Testosterone Is Probably Safe For Your Heart Testosterone Is Probably Safe For Your Heart

Testosterone Is Probably Safe For Your Heart. But It Can't Stop 'Manopause'


In 2014, Time magazine ran a cover story titled "Manopause?!" about the booming $2 billion testosterone industry, promoting it as a remedy for age-related declines in sexual function, energy, and strength.

However, as interest grew, safety concerns emerged. A small study found that while testosterone could boost muscle strength in older men, it also unexpectedly increased the risk of adverse cardiovascular events like heart attacks. Consequently, in 2015, the authorities mandated warning labels on testosterone products, leading to a drop in prescription testosterone usage.

A recent study brings reassuring news for those considering testosterone treatment. It reveals that men with low testosterone levels who were prescribed testosterone gel to boost their hormone levels did not experience a higher risk of heart attacks or strokes when compared to those who received a placebo.

The findings of this study provide reassuring and significant evidence suggesting that testosterone replacement therapy, when appropriately prescribed, does not substantially increase the risk of cardiovascular-related death. The results have been published in the New England Journal of Medicine.


It's important to note that this study did not assess over-the-counter dietary supplements containing testosterone, which are not subject to the same regulation as pharmaceutical drugs.
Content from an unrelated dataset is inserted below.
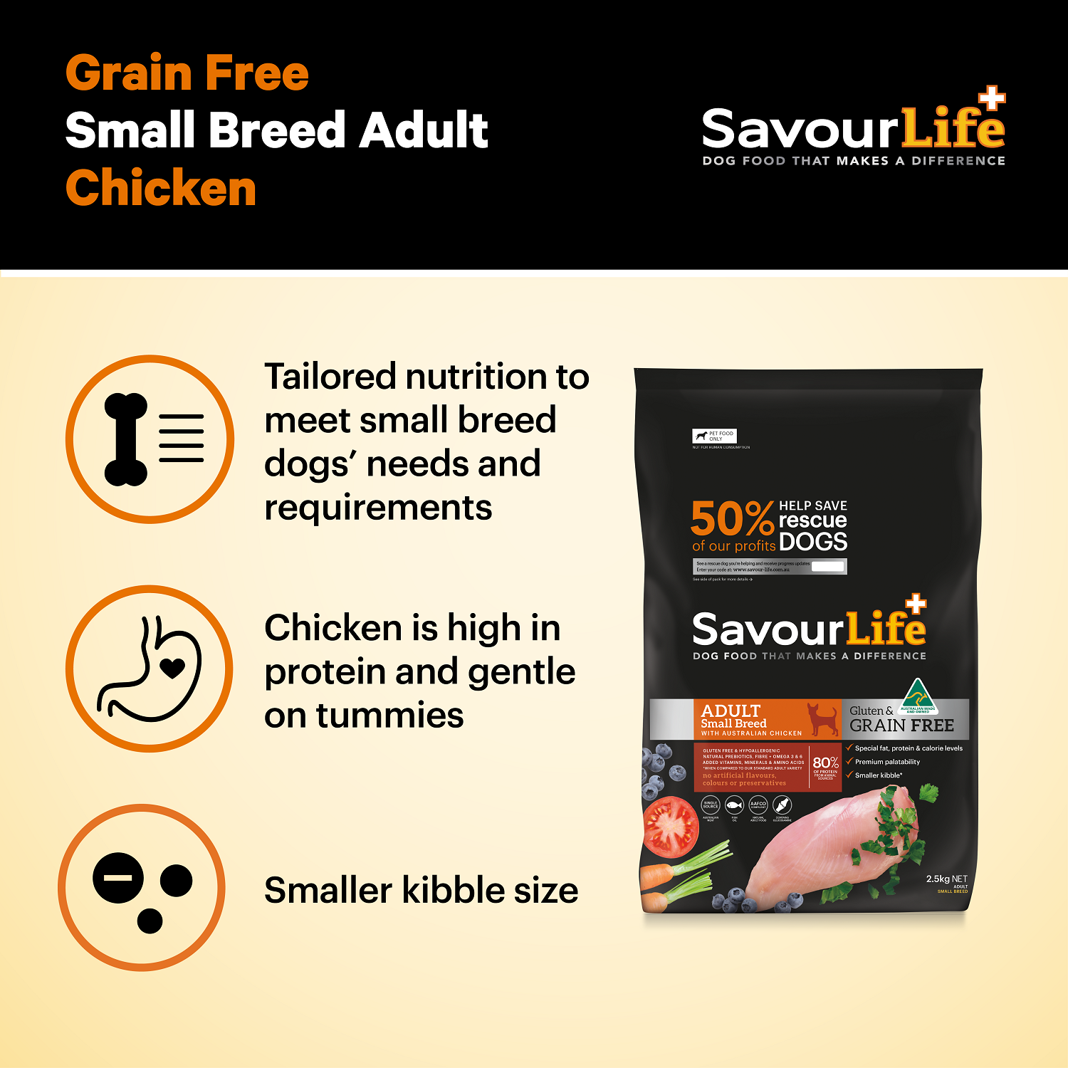 SavourLife’s Grain-Free Small Breed Adult food is an all-natural, holistic, Australian-made, gluten-free food with natural superfood inclusions like chicory, kelp and blueberries. It is bursting with single-source Australian chicken meat plus vitamins, minerals, natural prebiotics and amino acids. It contains no artificial flavours, colours or preservatives. It has premium palatability, special fat/protein/calorie ratios specifically designed for small breed dog needs, plus a smaller kibble size too! Key Benefits

The study aimed to understand better how testosterone affects cardiovascular risks, but the senior author advises caution in interpreting the results. While the trial suggests that testosterone treatment may be safe for men with low testosterone levels, it should not be seen as a reason for widespread prescription. The authorities recommend this treatment only for men with confirmed low testosterone levels through laboratory tests. There is concern that athletes and bodybuilders may misinterpret these results as a green light to use testosterone for performance enhancement, which is a potential risk.

It's important to note that all participants in the study either had preexisting cardiovascular disease or were at high risk for it and experienced symptoms of hypogonadism, which is a condition characterised by insufficient testosterone production. The study involved approximately 5,200 men aged 45 to 80 randomly assigned to use a daily testosterone gel or a placebo gel applied to the skin for 22 months.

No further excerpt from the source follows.